ADASYN uses a mechanism to automatically determine how many synthetic samples each minority sample needs to produce, rather than synthesizing the same number of samples for each minority sample as in the SMOTE method and its variants. The disadvantage of ADASYN is that it is easily affected by outliers; if the $k$-nearest neighbor of a minority sample is a majority sample, its weight will become quite large, and more samples will be generated around it.

## 3 Experiments

This section principally compares the performance of each sample-balancing method and discusses their performance differences, stability and robustness.

### 3.1 Data set and description

In view of the increasing size of historical credit data sets available to modern commercial banks when conducting credit-scoring activities, this study selects as a large sample credit data set for analysis the credit card data set from the University of California Irvine Machine Learning Repository.^{1}^{1} 1 URL: https://archive.ics.uci.edu/ml/datasets/default+of+credit+card+clients. The features of the data set are as follows: the credit card data set has a representative balancing ratio of 3.521, with 23 364 majority samples and 6636 minority samples. It also has 23 variables (not including the dependent variable), and the dependent variable is a binary dummy variable, which takes a value of $1$ for default (minority) and $0$ for nondefault (majority).

### 3.2 Methods and models

There are plenty of sample-balancing methods to choose from in the current literature, including both original and derivative methods. Our selection criteria are as follows:

- (1)
the method must have representative design ideas;

- (2)
it must be used widely in industry practice and academic papers;

- (3)
it must be easy to implement and have an appropriate computational time.

Guided by the reviews by Haixiang et al (2017) and Shi et al (2022), we ultimately selected 12 sampling balancing methods: RandomUnderSampler, Tomek Links, Near Miss, One-Sided Selection, Neighborhood Cleaning Rule, RandomOverSampler, SMOTE, borderline-SMOTE, SVM-SMOTE, SMOTE-Tomek, SMOTE-ENN and ADASYN. The details of the 12 methods are presented in Section 2.

In addition to the sample-balancing methods, the choice of credit-scoring model is a key factor in the evaluation performance. We select several representative models in order to fully check the performance of different sample-balancing methods. Our selection criteria are as follows:

- (1)
the model is used widely in industry practice and the literature;

- (2)
it has a reasonable computational complexity;

- (3)
the design principles of all the models vary greatly.

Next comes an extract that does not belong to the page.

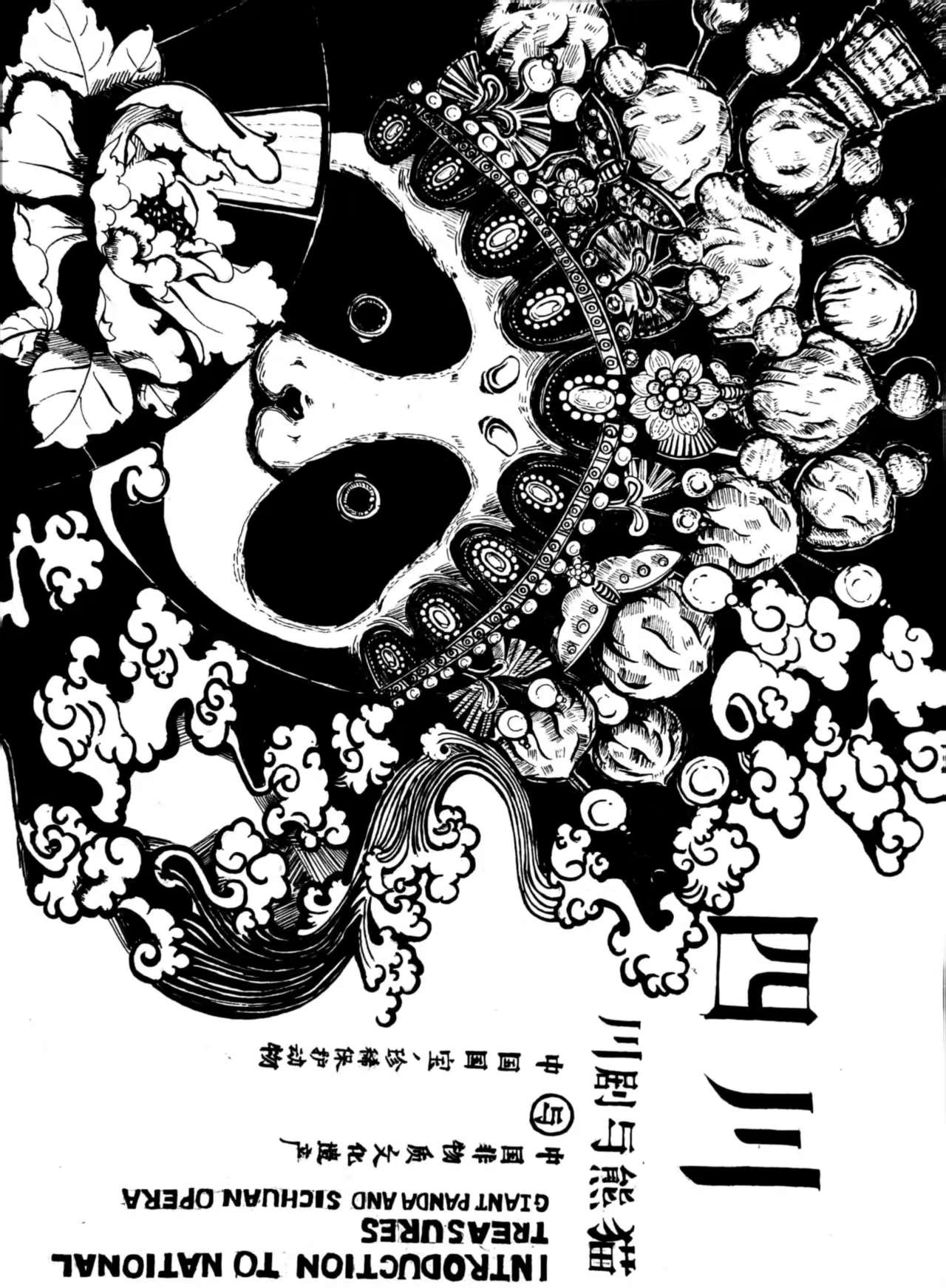 画面主体有川剧与熊猫,整上以黑白色调为主,又用文字与图画相结合的方式绘就。这幅画的灵感来自于我的家乡常用川剧变脸来庆祝重大事项,如婚庆和过生日等。熊猫在我们四川人的印象中也是十分可爱,同时它也是四川的一个特色所在。于是我便将二者结合绘就了这幅画。

According to these criteria, we choose the logistic regression (logistic) model as representative of statistical models, the SVM model and back-propagation neural network (BP-ANN) model as representative of machine learning models and the extreme gradient boosting (XGBoost) model as representative of ensemble models.

### 3.3 Experimental settings and evaluation indicators

We use fivefold cross-validation to comprehensively evaluate the average performance of each sample-balancing method on different credit-scoring models. In the training period for each model we first apply all the sample-balancing methods for comparison one by one to balance the training samples, then set the distribution proportion of the two classes of samples to be roughly similar and finally build separate models based on these balanced data sets. In the testing period of each model we retain the original imbalanced data set as the benchmark to verify the generalization performance of each trained model.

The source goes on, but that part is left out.